Last updated: 3/24/2022
Lucata Pathfinder Getting Started¶
The Rogues Gallery hosts two systems from Lucata (formerly known as Emu Technology): The Gen1 Emu Chick, an 8-node desktop-style system, and the Lucata Pathfinder, a two-chassis system with 16 nodes and 24 cores in each node for a total of 384 cores. We currently also have 2 Pathfinder chassis on loan from Lucata, which are denoted as PF<2-3>.
- Slurm will be deployed in Summer 2022.
Using the EMU simulation and compiler tools¶
The current toolset, documentation, and examples are available on the rg-emu-dev VM and other nodes as a module. Note that the Pathfinder currently requires the use of the latest 22.02 tools.
- rg-login.crnch.gatech.edu: primary login VM for Rogue’s Gallery. Use this VM to log in to another node for testing and simulation from off campus.
- rg-emu-dev.crnch.gatech.edu: VM for Lucata compilation and simulation
- pf<0-3>.crnch.gatech.edu: Lucata Pathfinder chassis for HW execution
- karrawingi-login.crnch.gatech.edu: The main EMU Chick node, used for login and transferring files to a specific node/set of nodes. NOTE: You cannot run any code on this node and will need to copy your code to n0-n7 on the Emu Chick machine.
When getting started, we highly recommend checking out the Lucata Pathfinder Programming Manual (requires GT Github login) and read through Chapters 1,2,3, 5.1, 6, and 7. This will give you a basic understanding of the Cilk-based workflow and Lucata-specific APIs and tools.
As shown in the figure above, the suggested Lucata workflow combines 1) x86 functionality testing, 2) simulation of code on a VM, 3) execution on a single node of the Pathfinder system, and 4) execution on multiple nodes and chassis.
- Compile your code on rg-emu-dev using <memoryweb.h> and emu-cc.sh to target x86 execution. This will run the Cilk code and emulate any data allocations specified by the Lucata APIs.
- Simulate code on rg-emu-dev. Do debugging and initial verification here but note that simulation is slow! If you need to use a machine with more memory you can use hawksbill.crnch.gatech.edu
- Profile your code with the simulator for small input sets.
- Make a reservation on the Google Calendar for the Pathfinder to run jobs. We also use our Slack channel to reserve time on the Pathfinder
- Run your job on a single Pathfinder node (SN<0-7>. Verify its correctness.
- Run your job on a single Pathfinder chassis (8 nodes PF<0-1>).

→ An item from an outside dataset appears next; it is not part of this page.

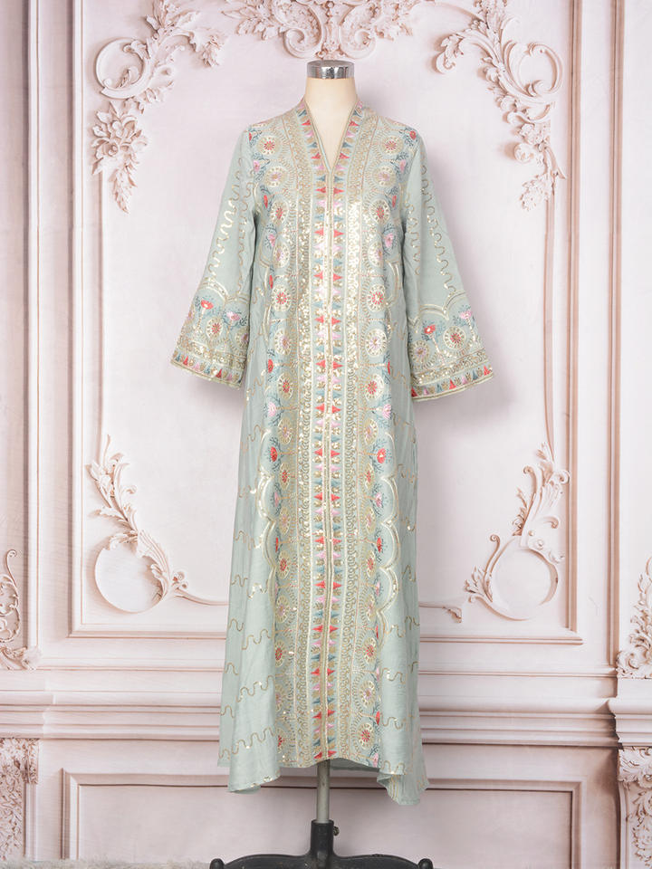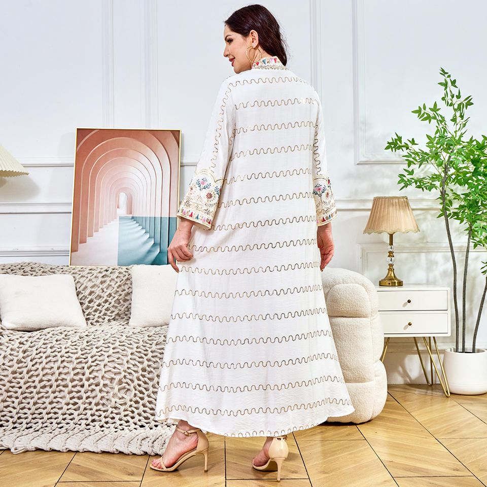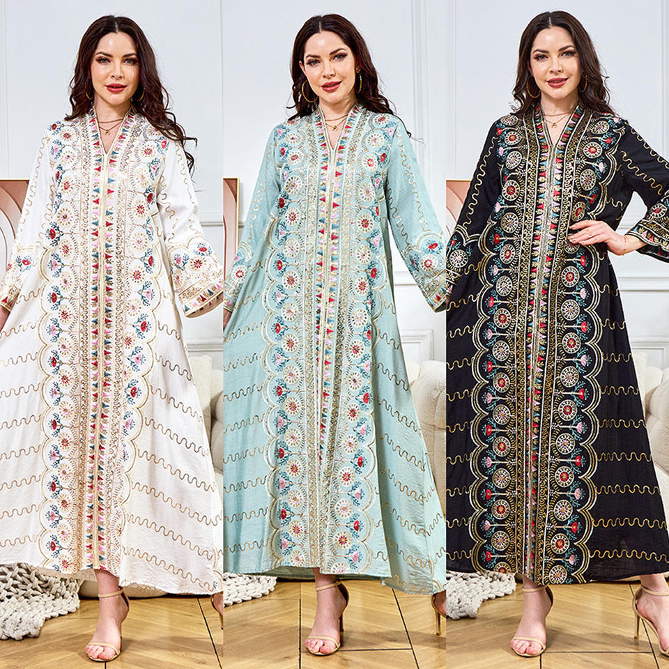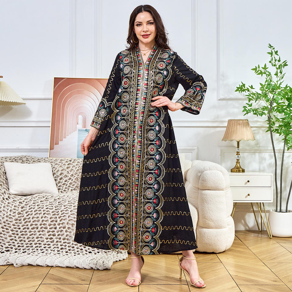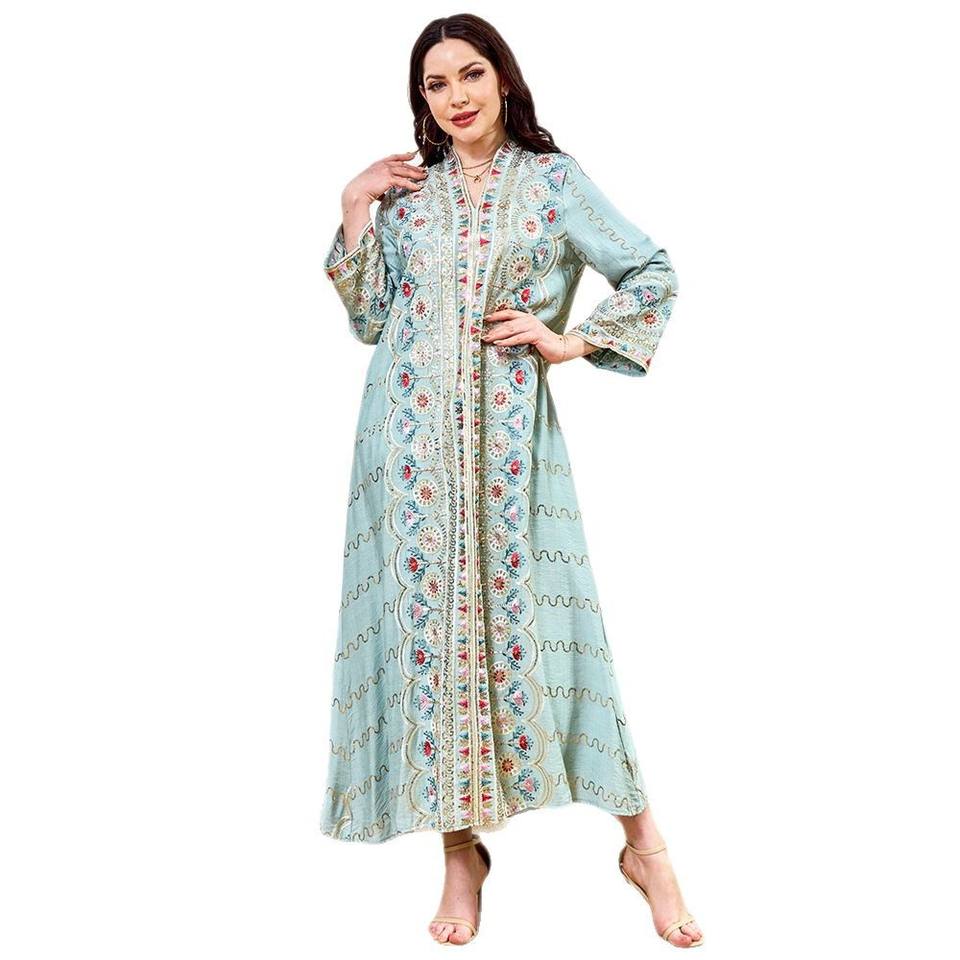 Vestido de Noche Elegante para Mujer, Estilo Árabe de Oriente Medio, Falda Larga de Poliéster, Cuello en V, con Cuentas, Nuevo 2025

- Run your job on multiple Pathfinder chassis (2 chassis).
Tutorials and Training¶
Please check out the recent PEARC21 tutorial for official training material for the Pathfinder systems. There are also some examples and related tools shared in a Github repo at https://github.gatech.edu/crnch-rg/emu-common. Please feel free to branch and fork as makes sense for your research.
Eric Hein has also contributed a nice micro-benchmark that uses serial and recursive spawn. Micro benchmark
- The GraphBLAS branch can be found here
- CilkPlus can also be run on CPU-based clusters. For more information on general CilkPlus check out the official website and other Cilk tutorials.
- See our Kokkos branch focused on CilkPlus and eventually on an Emu backend. For more information on Kokkos, check out their website, tutorials, and other documentation.